*PROBLEM TO WORK ON:*
Every record below should be copied exactly, with the pictures left out.

(Stored data)
**********

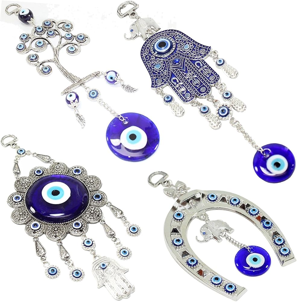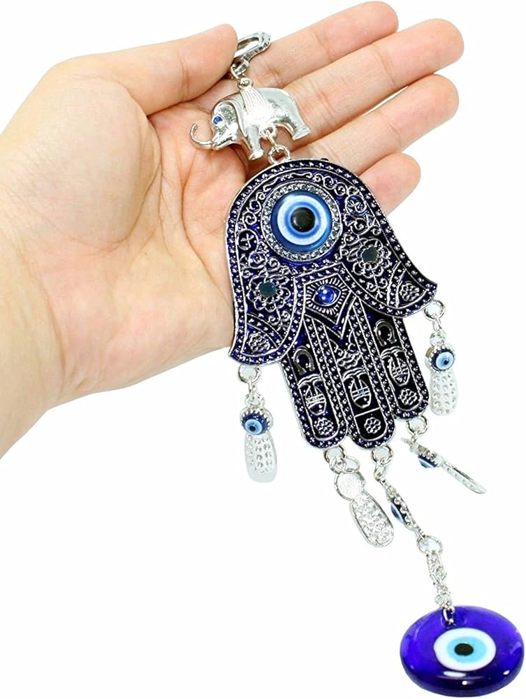Turkish Hamsa Hand Size: 2.5"(L) X 3.5"(H) X 9" long (approx.) Blue Life Tree Size: 10"(H) X 3"(L) (approx.) Blue Big Evil Flower size: 4"(H) X 4"(D) Total length: 10" Blue Evil Eye Horse Shoe Size: 6.5"(H) X 3.5"(L). Blue Evil Eye - Mavi Nazar The evil eye is a curse believed to be cast by a malevolent glare usually given to a person when they are unaware. Many cultures believe that receiving the evil eye will cause misfortune or injury. Talismans created to protect against the evil eye are also called "evil eyes". Talismans is an object which is believed to contain certain magical or sacramental properties which would provide good luck for the possessor or possible offer protection from evil or harm. These are meant to "reflect" the power of the evil look. When a person wears or carries an evil eyes with them, it guards against misfortune and from bad things happening in one's life. It helps to keep your life in balance, protects you from "bad karma" and ill-will that could otherwise have a negative effect on your well-being or your life in general. It is believed that if your evil eye amulet cracks or breaks, it has done its job of protecting you from some misfortune or bad luck and should be replaced! Hamsa is a palm-shaped amulet popular throughout the Middle East and North Africa. It's an old and still popular apotropaic amulet for magical protection from the envious or evil eye. Carry an evil eye with you at all time. You will never know when someone might be giving you the evil eye.
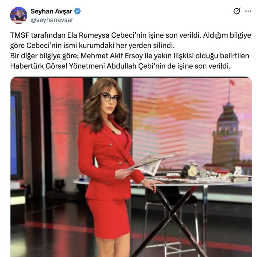 Gazeteci Seyhan Avşar’ın paylaşımına göre, Tasarruf Mevduatı Sigorta Fonu (TMSF) tarafından Habertürk spikerlerinden Ela Rumeysa Cebeci’nin görevine son verildi.
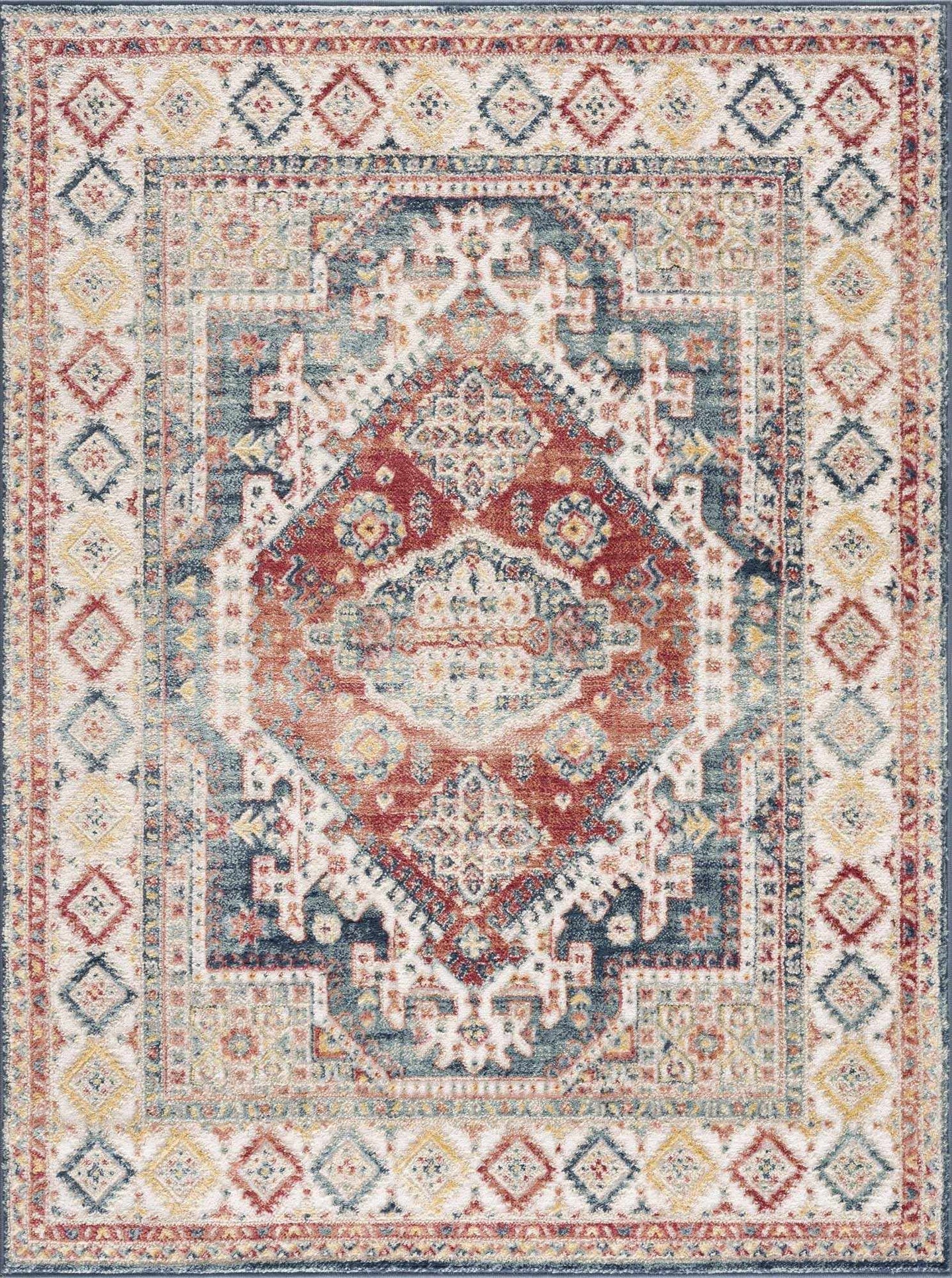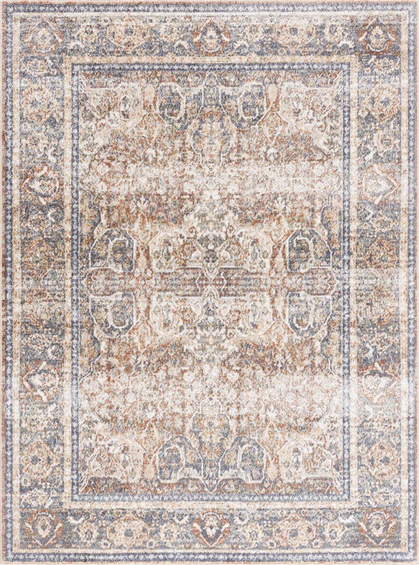 Blue, Rust and Beige Traditional oriental bohemian style area rug
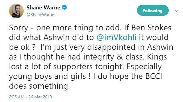 "Sorry - one more thing to add. If Ben Stokes did what Ashwin did to @imVkohli it would be ok? I’m just very disappointed in Ashwin as I thought he had integrity & class. Kings lost a lot of supporters tonight. Especially young boys and girls! I do hope the BCCI does something," Warne tweeted.
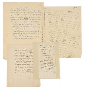- 1 page concernant le roman inachevé Charles Blanchard de son ami Charles Louis-Philippe. 1 p. petit in-4. « Occupé depuis trois jours à rangers les papiers qu'a laissés Philippe et spécialement les 'repentirs' de 'Charles Blanchard' […] ». On joint 2 p. in-4 pour un projet non identifié.
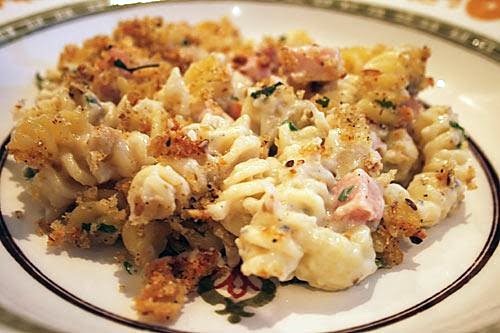 Preheat oven to 375 degrees F. Lightly grease a casserole dish with butter or oil and spoon pasta into prepared dish.
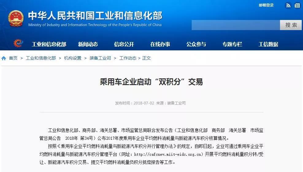 中國儲能網(wǎng)訊:7月2日,工信部裝備工業(yè)司發(fā)布通知,乘用車企業(yè)平均燃料消耗量與新能源汽車積分管理平臺已經(jīng)上線,自即日起,乘用車企業(yè)可在這個平臺上進(jìn)行燃料消耗量積分轉(zhuǎn)/受讓、新能源汽車積分交易。
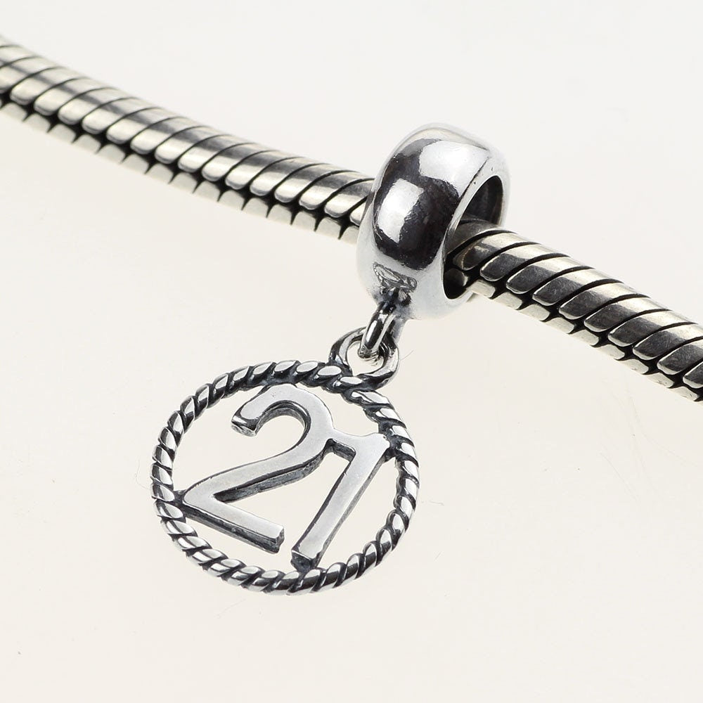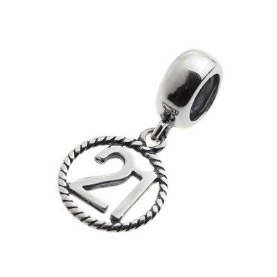 21st Birthday Celebration, 925 Sterling Silver 21st Birthday Dangle Charm Bead Landmark Birthday Fits all Charm Bracelets 21st heart charm

**********

*PROBLEM SOLUTION:*
Turkish Hamsa Hand Size: 2.5"(L) X 3.5"(H) X 9" long (approx.) Blue Life Tree Size: 10"(H) X 3"(L) (approx.) Blue Big Evil Flower size: 4"(H) X 4"(D) Total length: 10" Blue Evil Eye Horse Shoe Size: 6.5"(H) X 3.5"(L). Blue Evil Eye - Mavi Nazar The evil eye is a curse believed to be cast by a malevolent glare usually given to a person when they are unaware. Many cultures believe that receiving the evil eye will cause misfortune or injury. Talismans created to protect against the evil eye are also called "evil eyes". Talismans is an object which is believed to contain certain magical or sacramental properties which would provide good luck for the possessor or possible offer protection from evil or harm. These are meant to "reflect" the power of the evil look. When a person wears or carries an evil eyes with them, it guards against misfortune and from bad things happening in one's life. It helps to keep your life in balance, protects you from "bad karma" and ill-will that could otherwise have a negative effect on your well-being or your life in general. It is believed that if your evil eye amulet cracks or breaks, it has done its job of protecting you from some misfortune or bad luck and should be replaced! Hamsa is a palm-shaped amulet popular throughout the Middle East and North Africa. It's an old and still popular apotropaic amulet for magical protection from the envious or evil eye. Carry an evil eye with you at all time. You will never know when someone might be giving you the evil eye.
 Gazeteci Seyhan Avşar’ın paylaşımına göre, Tasarruf Mevduatı Sigorta Fonu (TMSF) tarafından Habertürk spikerlerinden Ela Rumeysa Cebeci’nin görevine son verildi.
 Blue, Rust and Beige Traditional oriental bohemian style area rug
 "Sorry - one more thing to add. If Ben Stokes did what Ashwin did to @imVkohli it would be ok? I’m just very disappointed in Ashwin as I thought he had integrity & class. Kings lost a lot of supporters tonight. Especially young boys and girls! I do hope the BCCI does something," Warne tweeted.
- 1 page concernant le roman inachevé Charles Blanchard de son ami Charles Louis-Philippe. 1 p. petit in-4. « Occupé depuis trois jours à rangers les papiers qu'a laissés Philippe et spécialement les 'repentirs' de 'Charles Blanchard' […] ». On joint 2 p. in-4 pour un projet non identifié.
 Preheat oven to 375 degrees F. Lightly grease a casserole dish with butter or oil and spoon pasta into prepared dish.
 中國儲能網(wǎng)訊:7月2日,工信部裝備工業(yè)司發(fā)布通知,乘用車企業(yè)平均燃料消耗量與新能源汽車積分管理平臺已經(jīng)上線,自即日起,乘用車企業(yè)可在這個平臺上進(jìn)行燃料消耗量積分轉(zhuǎn)/受讓、新能源汽車積分交易。
 21st Birthday Celebration, 925 Sterling Silver 21st Birthday Dangle Charm Bead Landmark Birthday Fits all Charm Bracelets 21st heart charm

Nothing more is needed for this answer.